The goal of the workshops was to assist staff members to recognize indicators of and risk factors for suicidality, obtain and coordinate care for suicidal clients, document this work appropriately, and communicate effectively with coworkers and external service providers concerning these issues. The workshops did not provide skills training in either clinical assessment or treatment, and were explicitly not provided as a substitute for adequate clinical training and/or ongoing clinical supervision in these or other practice areas. Workshop content was organized around a 46-slide computer presentation, comprising a brief introduction and overview (national, community, and organizational context and safety gatekeepers); a more substantive review of epidemiology and risk factors (geography, gender, age, race/ethnicity, homelessness, medical illness, psychiatric illness, and heritability); a basic overview of intervention/ prevention issues (urban areas, firearms access, services/treatment issues [access, stigma, and fragmentation], limits of prediction, early intervention, therapeutic alliance, collaboration, modifiable risk factors, modifiable protective factors, crisis management, brief description of assessment procedures, hospitalization and communicating with emergency services, contingency/safety planning, documentation, service provider needs and responses, continuing education); a brief section on "postvention" with service providers and recipients when a suicide does occur; and a concluding question and answer period. The workshops were primarily didactic, with limited interactive elements intended to promote trainee interest and engagement.

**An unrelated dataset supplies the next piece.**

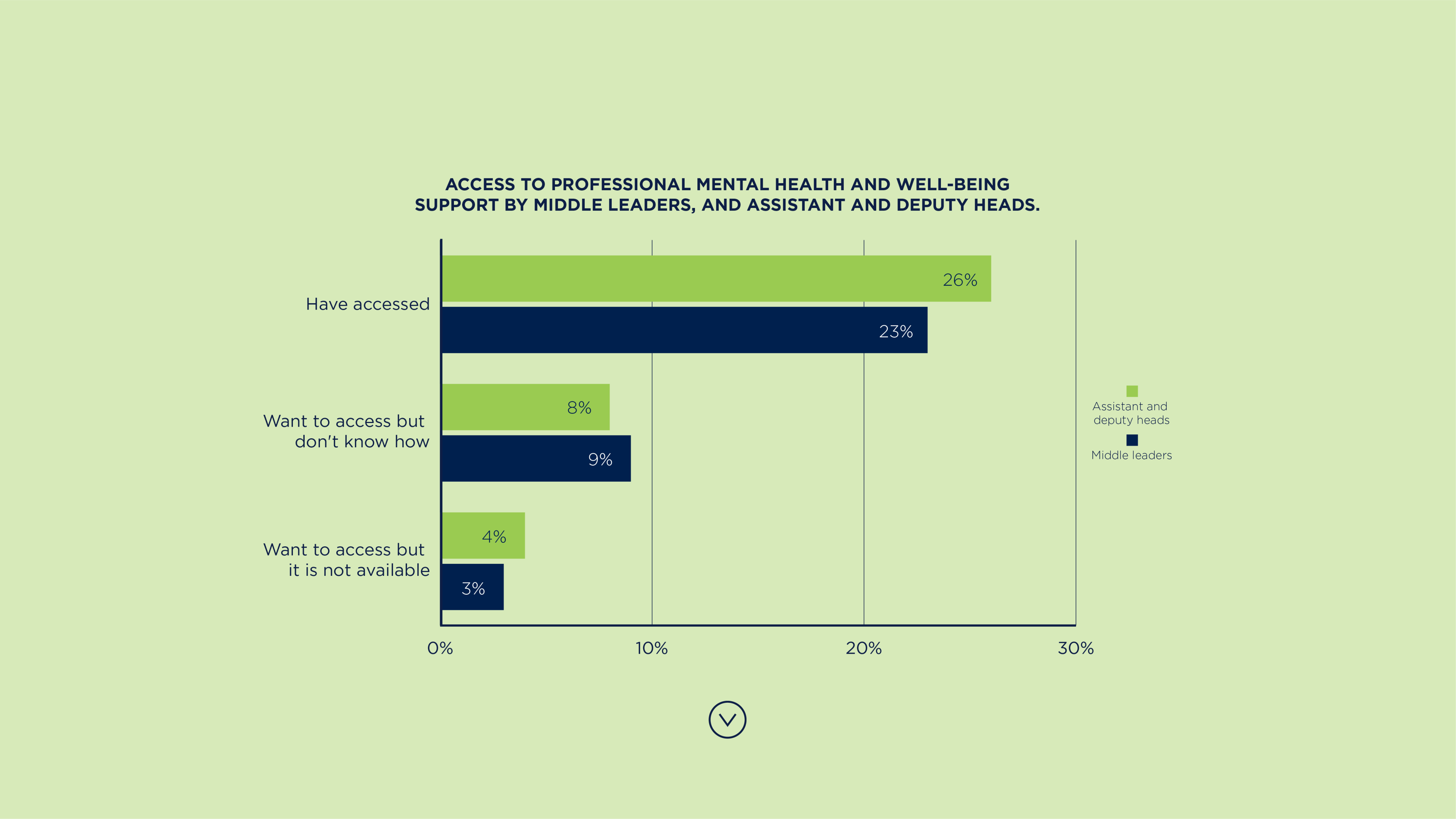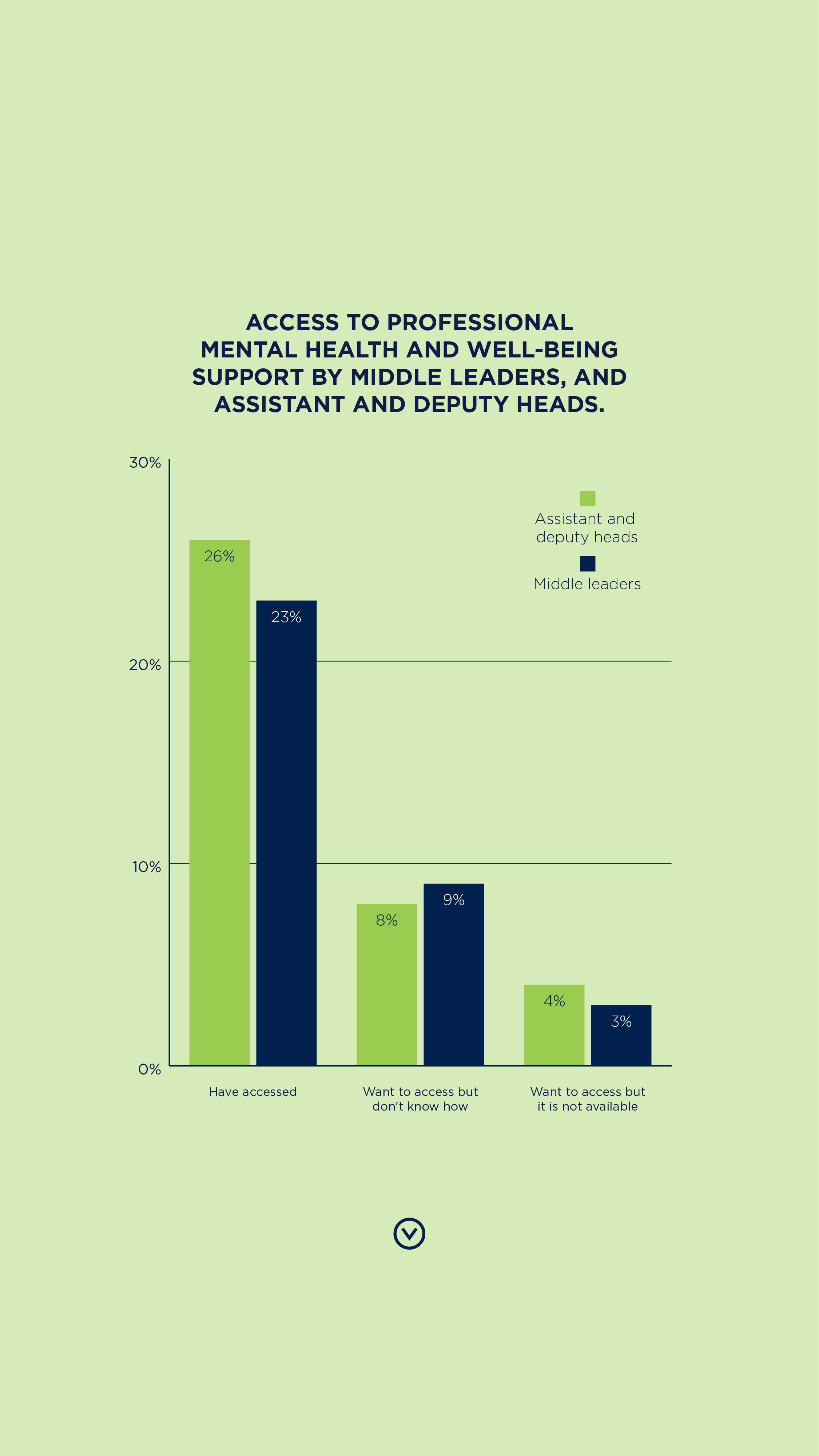 The vast majority (91%) of assistant and deputy heads reported that the mental health support they provide to staff had increased or ‘greatly’ increased over the last three years. More than a third (35%) of middle leaders and 38% of assistant and deputy heads said they had identified a personal need for mental health or well-being support during the past year.

The knowledge test items were initially drafted by an experienced clinical social worker, after which they were reviewed and revised by the agency medical director and director of research, and then subjected to two additional rounds of comments and revisions by all members of the project team. All items on the final revision were multiple-choice, each with five possible responses. Of the 23 items on the test, 9 included an "all of the above" or "none of the above" option, and 6 of those 9 included both. The test covered material on both epidemiology and prevention, with roughly half the test items addressing each area.

Workshops were conducted at each of the agency's service sites in September and October of 2006.